Desde hace más de un año hemos incorporado a nuestras vidas algunas rutinas de higiene que nos han ayudado a protegernos (y a sentirnos protegidos) del contagio: lavarnos y desinfectar las manos, mantener la distancia social, llevar mascarilla. Sin embargo, de todas estas medidas, la que nos ha causado más molestias ha sido la mascarilla: sudor, sensación de asfixia, acné… la mayoría de nosotros en algún momento hemos deseado poder deshacernos de ella. Pero poquito a poco la tan odiada mascarilla ha conseguido entrar en nuestras vidas, conquistar ese sitio en nuestras caras y acaparar la función de frontera visible (e invisible) que nos protegía del contagio (y no solo de ello).

Hace una semana se publicó en el BOE (Real Decreto- Ley 13/2021 de 24 de junio) la norma que establece el nuevo uso de la mascarilla. Un paso más hacia la tan deseada normalidad que al parecer no ha conseguido los resultados esperados. Es suficiente pasear por la calle para darnos cuenta que son muy pocas las personas que no la llevan.

¿Qué está pasando?

La mascarilla nos ha proporcionado la sensación de protección que tanto hemos necesitado. Ahora que podríamos prescindir de ella, nos sentimos desprotegidos, expuestos, vulnerables.

Nos hemos desconectado de las expresiones de nuestras caras, de las sonrisas, del semblante de alegría, tristeza, asco y de todas aquellas emociones que somos capaces de reflejar en nuestro rostro. Nos sentimos desnudos a los ojos de los demás. Pero ha llegado el momento de volver a conectarnos.

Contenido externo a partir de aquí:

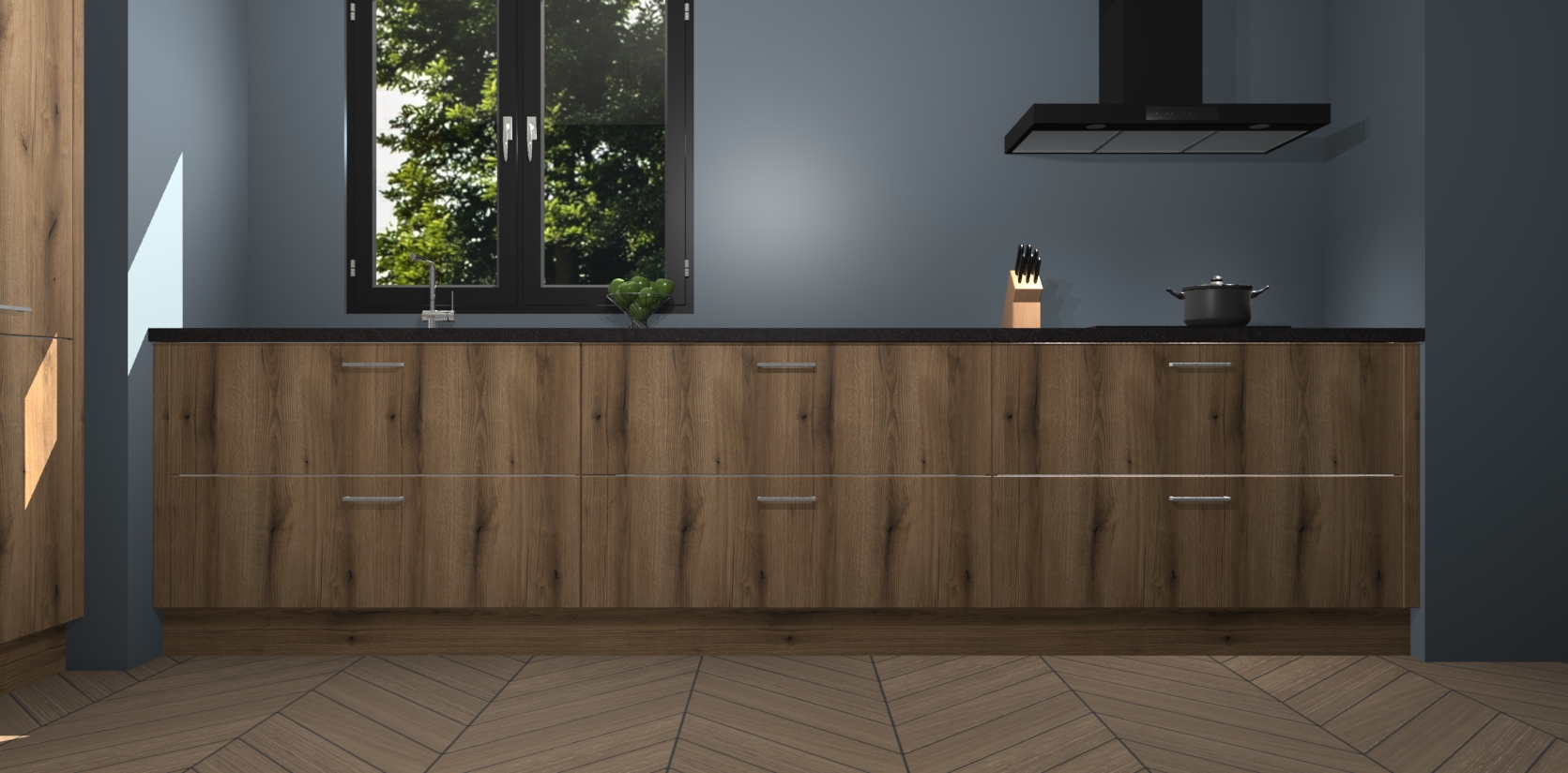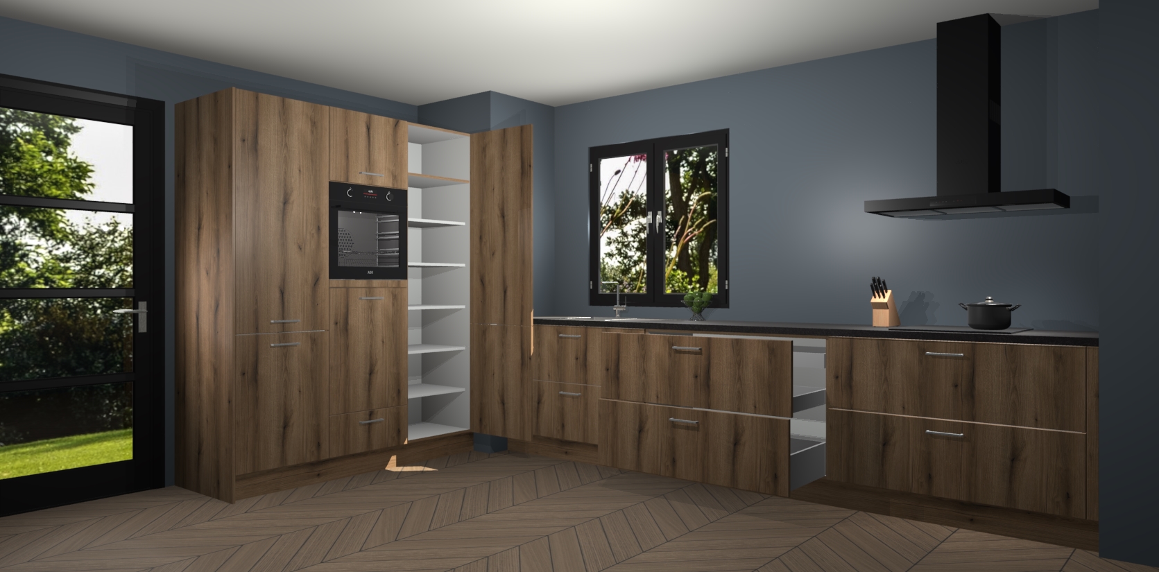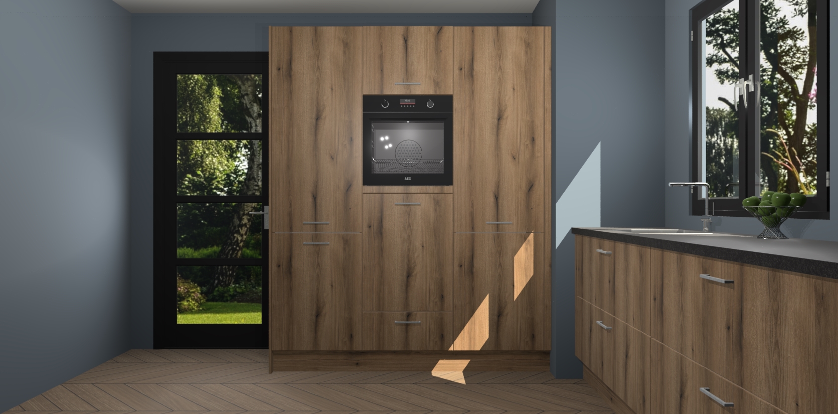 De softclose deuren openen en sluiten is ook heel eenvoudig - geniet van een moeiteloze keukenervaring, zelfs als er kinderen rondlopen. Voor extra gemak bij het plaatsen van uw bestelling bieden we ook een upgrade naar een kookplaat met geïntegreerde afzuiging.
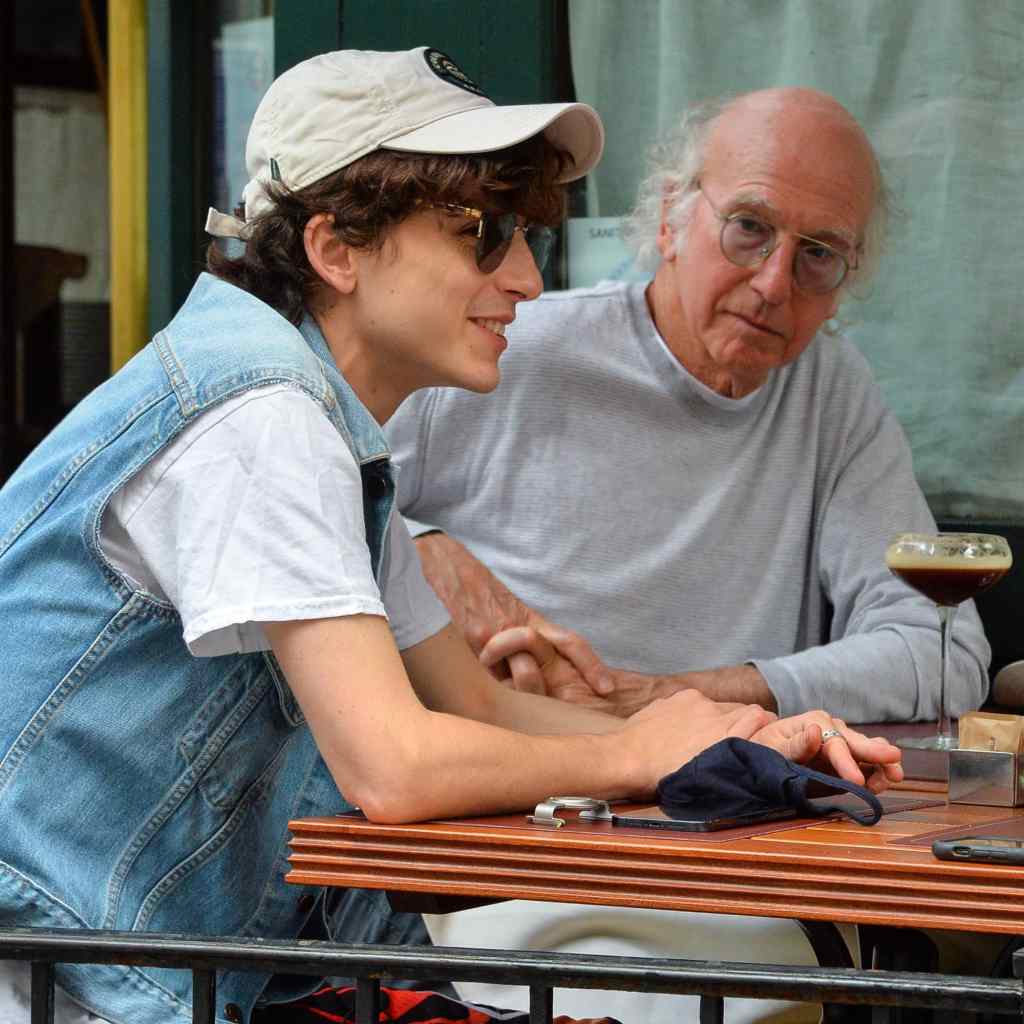 Never have I wanted to be a fly on the wall more than when photos of Timothée Chalamet enjoying lunch with Larry David surfaced. The Dune frontman and the Curb Your Enthusiasm legend were spotted dining at Sant Ambroeus in New York City on Tuesday afternoon – Timmy in a denim vest and flame-adorned basketball shorts, and Larry in a gray long-sleeved tee and his signature Oliver Peoples glasses. Seeing as my invitation for the meetup was tragically sent to the wrong address, I’ve been left with no choice but to bask in the FOMO and, of course, hypothesise on every detail surrounding their unexpected outing. Some call it overanalysing celebrity paparazzi photos for no apparent reason; I call it keeping the Timothée Chalamet hive well-fed.
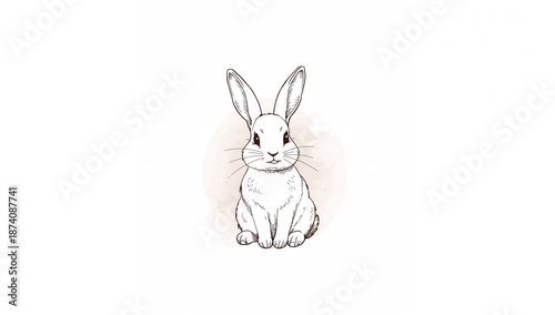 © The 2R Artificiality, Obraz premium Sketch of a rabbit in line art style, suitable for children's activity sheets
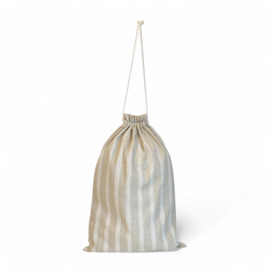Bolsa para el pan. Con tejido fino con textura con estampado a rayas de color crudo sobre fondo beige. Para su correcto mantenimiento se aconseja lavarlo en frío y no utilizar secadora.
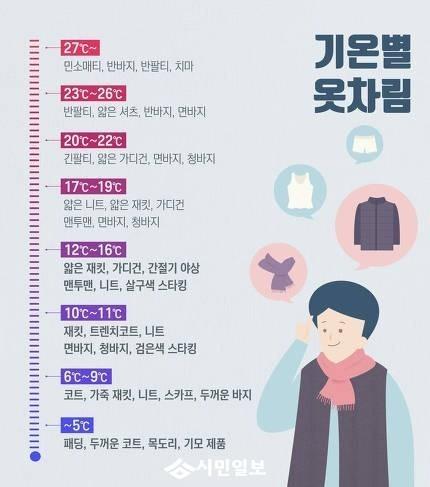 공개된 사진에는 기온별로 적정한 옷차림에 관한 정보가 담겨있어 기온에 맞게 옷을 골라입기 좋다.
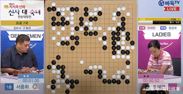 晚间韩国第16届GG拍卖杯绅士淑女擂台赛进行了第7场较量,徐仲辉执白胜赵惠连,取得2连胜。这样绅士队就以5:2继续大幅领先。

Las personas que más dificultad pueden tener son aquellas con tendencia a la hipocondría, ansiedad, TOC hacia la contaminación, o que han tenido experiencia directa con el virus. También puede influir nuestra autoestima: quien se ha conocido con mascarilla puede sentir temor relacionado a cómo le verán los demás.

Lo que pueden experimentar estas personas son pensamientos como “me puedo contagiar”, “la gente lo hace muy mal”, “como le parecerá mi cara”, pensamientos que pueden desencadenar emociones como angustia, miedo, ansiedad y que pueden llevar a síntomas físicos como dolores, sudoración, agitación, y a conductas de evitación o sobre protección.

Por todo esto se recomienda pedir apoyo psicológico, que puede ayudar a superar la sensación de desprotección y vulnerabilidad y poder gradualmente resolver las consecuencias psicológicas de los cambios tan drásticos que hemos sufrido a lo largo de estos últimos tiempos.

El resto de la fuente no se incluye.